■ Provided material ■
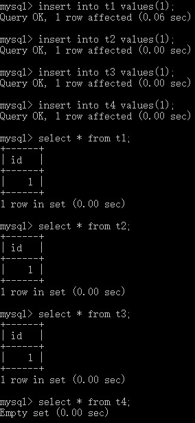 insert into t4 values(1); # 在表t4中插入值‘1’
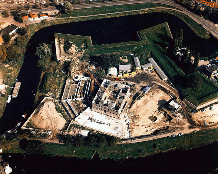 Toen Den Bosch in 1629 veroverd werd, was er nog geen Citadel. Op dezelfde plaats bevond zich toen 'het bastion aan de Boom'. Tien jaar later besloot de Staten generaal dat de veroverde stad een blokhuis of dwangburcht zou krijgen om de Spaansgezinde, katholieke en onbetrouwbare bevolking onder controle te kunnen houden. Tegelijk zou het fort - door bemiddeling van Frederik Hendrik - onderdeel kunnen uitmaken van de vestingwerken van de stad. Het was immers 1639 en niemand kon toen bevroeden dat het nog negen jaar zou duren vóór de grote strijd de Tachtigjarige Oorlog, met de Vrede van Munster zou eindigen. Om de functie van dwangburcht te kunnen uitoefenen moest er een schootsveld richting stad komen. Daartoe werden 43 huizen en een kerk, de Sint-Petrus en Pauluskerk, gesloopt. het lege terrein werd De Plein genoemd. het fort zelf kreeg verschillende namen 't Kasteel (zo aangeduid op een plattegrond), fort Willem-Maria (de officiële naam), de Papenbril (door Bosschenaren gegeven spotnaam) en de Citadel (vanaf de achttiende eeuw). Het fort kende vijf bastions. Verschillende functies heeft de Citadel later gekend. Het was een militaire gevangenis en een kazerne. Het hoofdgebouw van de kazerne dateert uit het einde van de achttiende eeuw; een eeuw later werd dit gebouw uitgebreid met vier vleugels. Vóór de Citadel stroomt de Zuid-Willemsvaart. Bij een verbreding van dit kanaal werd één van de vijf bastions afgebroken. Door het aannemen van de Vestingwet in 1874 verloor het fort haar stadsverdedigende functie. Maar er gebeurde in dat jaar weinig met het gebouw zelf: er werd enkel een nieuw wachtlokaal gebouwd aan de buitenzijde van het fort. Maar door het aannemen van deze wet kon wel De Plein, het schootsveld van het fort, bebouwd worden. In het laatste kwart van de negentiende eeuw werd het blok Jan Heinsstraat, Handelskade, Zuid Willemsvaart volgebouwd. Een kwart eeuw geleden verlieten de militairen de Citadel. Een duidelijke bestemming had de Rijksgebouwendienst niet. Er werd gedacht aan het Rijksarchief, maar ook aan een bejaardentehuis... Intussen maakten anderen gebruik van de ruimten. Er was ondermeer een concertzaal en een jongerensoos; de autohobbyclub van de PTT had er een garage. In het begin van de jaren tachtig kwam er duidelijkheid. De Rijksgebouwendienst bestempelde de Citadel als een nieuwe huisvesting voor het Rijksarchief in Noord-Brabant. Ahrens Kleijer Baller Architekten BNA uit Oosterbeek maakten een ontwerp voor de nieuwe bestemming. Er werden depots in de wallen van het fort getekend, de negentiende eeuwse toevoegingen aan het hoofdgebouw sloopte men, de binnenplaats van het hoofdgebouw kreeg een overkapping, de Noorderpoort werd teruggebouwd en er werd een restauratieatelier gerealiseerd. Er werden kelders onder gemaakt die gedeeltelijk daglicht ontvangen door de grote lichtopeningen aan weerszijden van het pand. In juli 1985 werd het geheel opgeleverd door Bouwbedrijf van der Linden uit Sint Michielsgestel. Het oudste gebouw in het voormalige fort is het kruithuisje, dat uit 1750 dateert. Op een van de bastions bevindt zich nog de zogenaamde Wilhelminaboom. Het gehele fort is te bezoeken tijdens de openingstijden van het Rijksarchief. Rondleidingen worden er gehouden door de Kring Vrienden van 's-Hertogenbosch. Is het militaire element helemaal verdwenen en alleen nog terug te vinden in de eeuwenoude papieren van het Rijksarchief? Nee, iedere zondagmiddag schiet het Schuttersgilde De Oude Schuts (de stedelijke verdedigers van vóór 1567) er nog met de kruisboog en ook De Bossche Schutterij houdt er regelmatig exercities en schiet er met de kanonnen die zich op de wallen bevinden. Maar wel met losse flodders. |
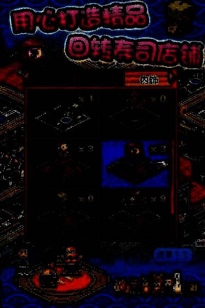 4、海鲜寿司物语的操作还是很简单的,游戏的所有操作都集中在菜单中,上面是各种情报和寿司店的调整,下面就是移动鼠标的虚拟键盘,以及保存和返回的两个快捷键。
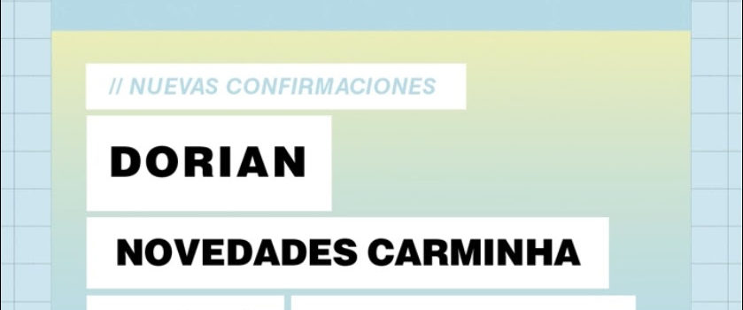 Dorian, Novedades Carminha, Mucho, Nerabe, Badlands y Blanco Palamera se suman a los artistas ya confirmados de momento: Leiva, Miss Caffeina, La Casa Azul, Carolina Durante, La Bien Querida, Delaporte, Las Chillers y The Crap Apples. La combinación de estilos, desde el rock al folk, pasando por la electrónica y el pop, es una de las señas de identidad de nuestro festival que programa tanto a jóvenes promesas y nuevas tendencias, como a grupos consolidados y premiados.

■ Problem description ■
The whole listing should be transcribed exactly, though its pictures must be left out.

■ Exercise solution ■
 insert into t4 values(1); # 在表t4中插入值‘1’
 Toen Den Bosch in 1629 veroverd werd, was er nog geen Citadel. Op dezelfde plaats bevond zich toen 'het bastion aan de Boom'. Tien jaar later besloot de Staten generaal dat de veroverde stad een blokhuis of dwangburcht zou krijgen om de Spaansgezinde, katholieke en onbetrouwbare bevolking onder controle te kunnen houden. Tegelijk zou het fort - door bemiddeling van Frederik Hendrik - onderdeel kunnen uitmaken van de vestingwerken van de stad. Het was immers 1639 en niemand kon toen bevroeden dat het nog negen jaar zou duren vóór de grote strijd de Tachtigjarige Oorlog, met de Vrede van Munster zou eindigen. Om de functie van dwangburcht te kunnen uitoefenen moest er een schootsveld richting stad komen. Daartoe werden 43 huizen en een kerk, de Sint-Petrus en Pauluskerk, gesloopt. het lege terrein werd De Plein genoemd. het fort zelf kreeg verschillende namen 't Kasteel (zo aangeduid op een plattegrond), fort Willem-Maria (de officiële naam), de Papenbril (door Bosschenaren gegeven spotnaam) en de Citadel (vanaf de achttiende eeuw). Het fort kende vijf bastions. Verschillende functies heeft de Citadel later gekend. Het was een militaire gevangenis en een kazerne. Het hoofdgebouw van de kazerne dateert uit het einde van de achttiende eeuw; een eeuw later werd dit gebouw uitgebreid met vier vleugels. Vóór de Citadel stroomt de Zuid-Willemsvaart. Bij een verbreding van dit kanaal werd één van de vijf bastions afgebroken. Door het aannemen van de Vestingwet in 1874 verloor het fort haar stadsverdedigende functie. Maar er gebeurde in dat jaar weinig met het gebouw zelf: er werd enkel een nieuw wachtlokaal gebouwd aan de buitenzijde van het fort. Maar door het aannemen van deze wet kon wel De Plein, het schootsveld van het fort, bebouwd worden. In het laatste kwart van de negentiende eeuw werd het blok Jan Heinsstraat, Handelskade, Zuid Willemsvaart volgebouwd. Een kwart eeuw geleden verlieten de militairen de Citadel. Een duidelijke bestemming had de Rijksgebouwendienst niet. Er werd gedacht aan het Rijksarchief, maar ook aan een bejaardentehuis... Intussen maakten anderen gebruik van de ruimten. Er was ondermeer een concertzaal en een jongerensoos; de autohobbyclub van de PTT had er een garage. In het begin van de jaren tachtig kwam er duidelijkheid. De Rijksgebouwendienst bestempelde de Citadel als een nieuwe huisvesting voor het Rijksarchief in Noord-Brabant. Ahrens Kleijer Baller Architekten BNA uit Oosterbeek maakten een ontwerp voor de nieuwe bestemming. Er werden depots in de wallen van het fort getekend, de negentiende eeuwse toevoegingen aan het hoofdgebouw sloopte men, de binnenplaats van het hoofdgebouw kreeg een overkapping, de Noorderpoort werd teruggebouwd en er werd een restauratieatelier gerealiseerd. Er werden kelders onder gemaakt die gedeeltelijk daglicht ontvangen door de grote lichtopeningen aan weerszijden van het pand. In juli 1985 werd het geheel opgeleverd door Bouwbedrijf van der Linden uit Sint Michielsgestel. Het oudste gebouw in het voormalige fort is het kruithuisje, dat uit 1750 dateert. Op een van de bastions bevindt zich nog de zogenaamde Wilhelminaboom. Het gehele fort is te bezoeken tijdens de openingstijden van het Rijksarchief. Rondleidingen worden er gehouden door de Kring Vrienden van 's-Hertogenbosch. Is het militaire element helemaal verdwenen en alleen nog terug te vinden in de eeuwenoude papieren van het Rijksarchief? Nee, iedere zondagmiddag schiet het Schuttersgilde De Oude Schuts (de stedelijke verdedigers van vóór 1567) er nog met de kruisboog en ook De Bossche Schutterij houdt er regelmatig exercities en schiet er met de kanonnen die zich op de wallen bevinden. Maar wel met losse flodders. |
 4、海鲜寿司物语的操作还是很简单的,游戏的所有操作都集中在菜单中,上面是各种情报和寿司店的调整,下面就是移动鼠标的虚拟键盘,以及保存和返回的两个快捷键。
 Dorian, Novedades Carminha, Mucho, Nerabe, Badlands y Blanco Palamera se suman a los artistas ya confirmados de momento: Leiva, Miss Caffeina, La Casa Azul, Carolina Durante, La Bien Querida, Delaporte, Las Chillers y The Crap Apples. La combinación de estilos, desde el rock al folk, pasando por la electrónica y el pop, es una de las señas de identidad de nuestro festival que programa tanto a jóvenes promesas y nuevas tendencias, como a grupos consolidados y premiados.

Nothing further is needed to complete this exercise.